I have not seen this result before, but here is a proof. Let $e_{ij}$ be the matrix with a $1$ in position $(i,j)$ and all other entries $0$. Let $x_i(t)$ and $y_i(t)$ be the Chevalley generators $\mathrm{Id} + t e_{i (i+1)}$ and $\mathrm{Id} + t e_{(i+1) i}$.

Since being unipotent is unchanged by conjugacy, and every matrix in $\mathrm{SL}_n$ is conjugate to an upper triangular matrix, we may assume that our matrix is upper triangular. So let $A$ be an upper triangular matrix with determinant $1$.

We can choose constants $t_1$, $t_2$, ..., $t_n$ such that $B:= A x_1(t_1) x_2(t_2) \cdots x_{n-1}(t_{n-1})$ has $B_{12} = B_{23} = \cdots = B_{(n-1)n}=1$.

We can then inductively choose $u_1$, $u_2$, ..., $u_{n-1}$ such that the upper left $k \times k$ minor of $C:=B y_1(u_1) y_2(u_2) \cdots y_{n-1}(u_{n-1})$ is $1$. Namely, we choose $u_k$ to make the $k \times k$ minor of $B y_1(u_1) y_2(u_2) \cdots y_k(u_k)$ correct; the later factors won't effect this minor. Since our original matrix is in $\mathrm{SL}_n$, the $n \times n$ minor will also be $1$.
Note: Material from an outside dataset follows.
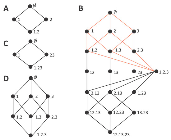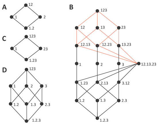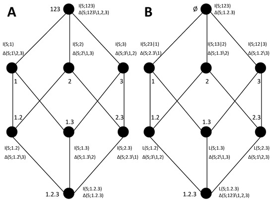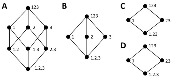 that is, for two collections α and β, if for each source in β there is a source in α that is a subset of that source. This ordering relation is reflexive, transitive, and antisymmetric. The lattices constructed for the case of and using this ordering relation are shown in Figure 1A,B. The order is partial because an order does not exist between all pairs of collections, for example between the collections at the same level of the lattice. In this work, we use a different notation than in [21], which allows us to shorten the expressions a bit. For example, instead of writing for the collection composed by the source containing variable 1 and the source containing variables 2 and 3, we write , that is, we save the curly brackets that indicate for each source the set of variables and we use instead a dot to separate the sources.

Now, since the upper left minors of $C$ are $1$, the matrix $C$ has an $LU$ factorization where $L$ is lower triangular unipotent and $U$ is upper triangular unipotent. Thus, we have written $$A = L*U* \left( y_{n-1}(-u_{n-1}) \cdots y_2(-u_2) y_1(-u_1) \right)* \left( x_{n-1}(-t_{n-1}) \cdots x_2(-t_2) x_1(-t_1) \right).$$ This is a product of $4$ unipotent factors.

There was a lot of slack in this argument! I wouldn't be surprised if you could prove something much better, either in the direction of non-algebraically closed fields, or in the direction of a more limited class of factors, but this is what you asked for.